Personal information
- Born: 1 June 1890 Kumla, Sweden
- Died: 25 July 1950 (aged 60) Örebro, Sweden

Sport
- Sport: Sports shooting
- Event: Rifle
- Club: Örebro SF

Medal record
Representing Sweden
Olympic Games
| Bronze medal – third place | 1920 Antwerp | Team 300 m military rifle, standing |
World championships 300 m rifle three positions
| Gold medal – first place | 1928 Loosduinen | Individual |
| Silver medal – second place | 1927 Rome | Team |
| Silver medal – second place | 1928 Loosduinen | Team |
| Bronze medal – third place | 1927 Rome | Individual |
| Bronze medal – third place | 1929 Stockholm | Team |
| Bronze medal – third place | 1931 Lviv | Individual |
| Bronze medal – third place | 1933 Granada | Team |
World championships 300 m rifle
| Gold medal – first place | 1929 Stockholm | Army rifle, 3×20 shots, ind. |
| Gold medal – first place | 1935 Rome | Army rifle, standing, ind. |
| Gold medal – first place | 1935 Rome | Army rifle, 3×20 shots, team |
| Silver medal – second place | 1928 Loosduinen | Prone 40 shots, ind. |
| Silver medal – second place | 1929 Stockholm | Prone 40 shots, ind. |
| Silver medal – second place | 1929 Stockholm | Army rifle, prone, ind. |
| Silver medal – second place | 1929 Stockholm | Army rifle, standing, ind. |
| Silver medal – second place | 1931 Lviv | Standing 40 shots, ind. |
| Silver medal – second place | 1933 Granada | Standing 40 shots, ind. |
| Silver medal – second place | 1937 Helsinki | Army rifle, prone, team |
| Bronze medal – third place | 1928 Loosduinen | Standing 40 shots, ind. |
| Bronze medal – third place | 1928 Loosduinen | Kneeling 40 shots, ind. |
| Bronze medal – third place | 1935 Rome | Army rifle, 3×20 shots, ind. |
| Bronze medal – third place | 1937 Helsinki | Prone 40 shots, team |

= Olle Ericsson (sport shooter) =

Swedish sport shooter

Olof Charles "Olle" Ericsson (1 June 1890 – 25 July 1950) was a Swedish sport shooter who competed in the 1920 and 1924 Summer Olympics.
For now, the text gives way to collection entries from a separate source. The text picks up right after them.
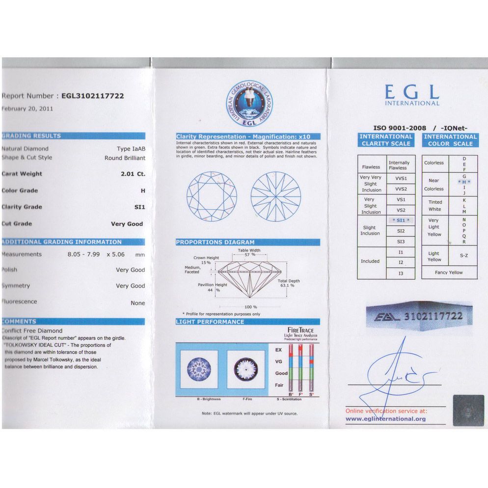Certified Round Diamond 2.01ct H, SI1, EGL ISRAEL **|**|** Shape: Round ; CTW: 2.01 ; Color: H ; Clarity: SI1 ; Certification: EGL ISRAEL ; Sym: VG ; Flour: ; Meas: 7.99-8.05x5.06 ; Depth: ; Table: 57 ; Girdle: MED ; Comment: TOLKOWSKY IDEAL CUT ; MSRP: $34500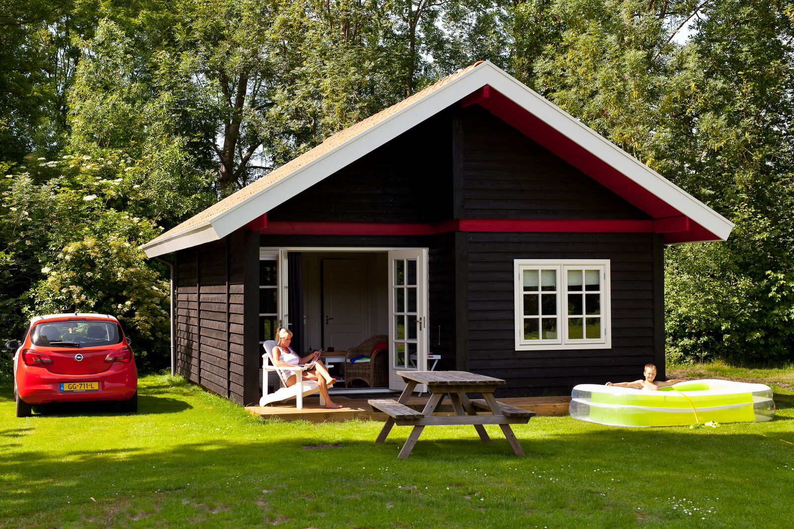 Een knusse vakantiewoning met ruime overkapping, waar je ook onder kunt schuilen als het wat minder zonnig is.
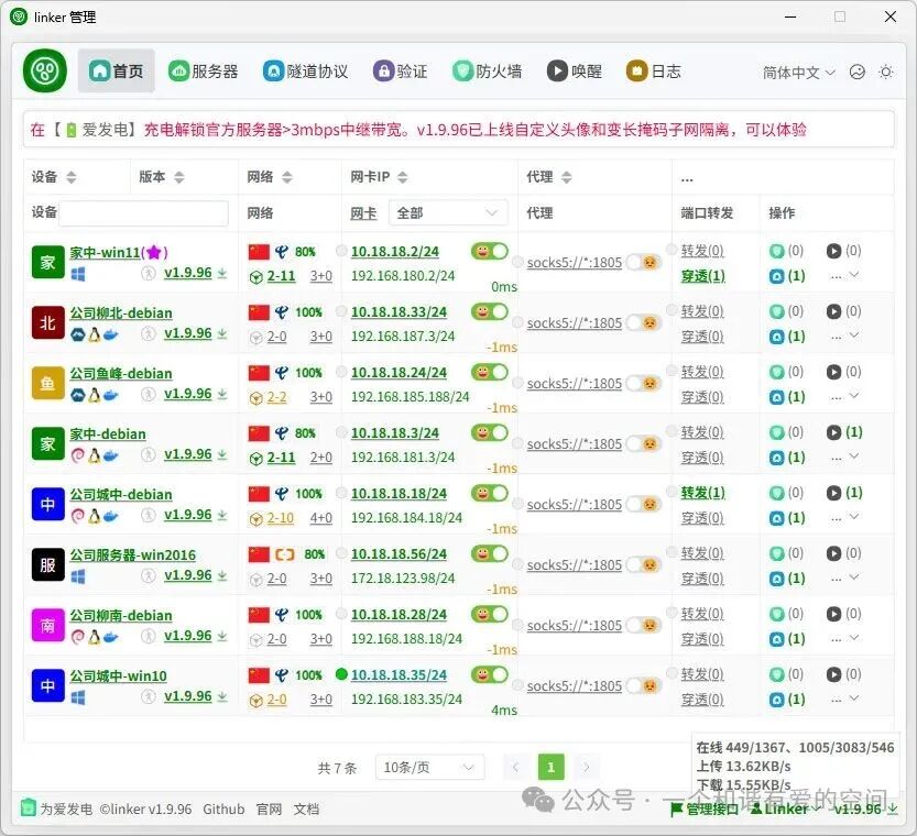 linker 极具特色的,P2P打洞(UDP+TCP、IPV4+IPV6) + 服务器转发,实现的异地组网、内网穿透。让你那些散落在世界各地的联网设备就像在隔壁房间一样轻松访问。

In 1920 he won a bronze medal in the team 300 m military rifle, standing competition. In 1924, he also participated in the following events:
- Team free rifle – seventh place
- 600 m free rifle – 14th place
- 50 m rifle, prone – 26th place

Ericsson won several dozen medals in the discontinued 50 and 300 m rifle events at the world championships of 1927–1937.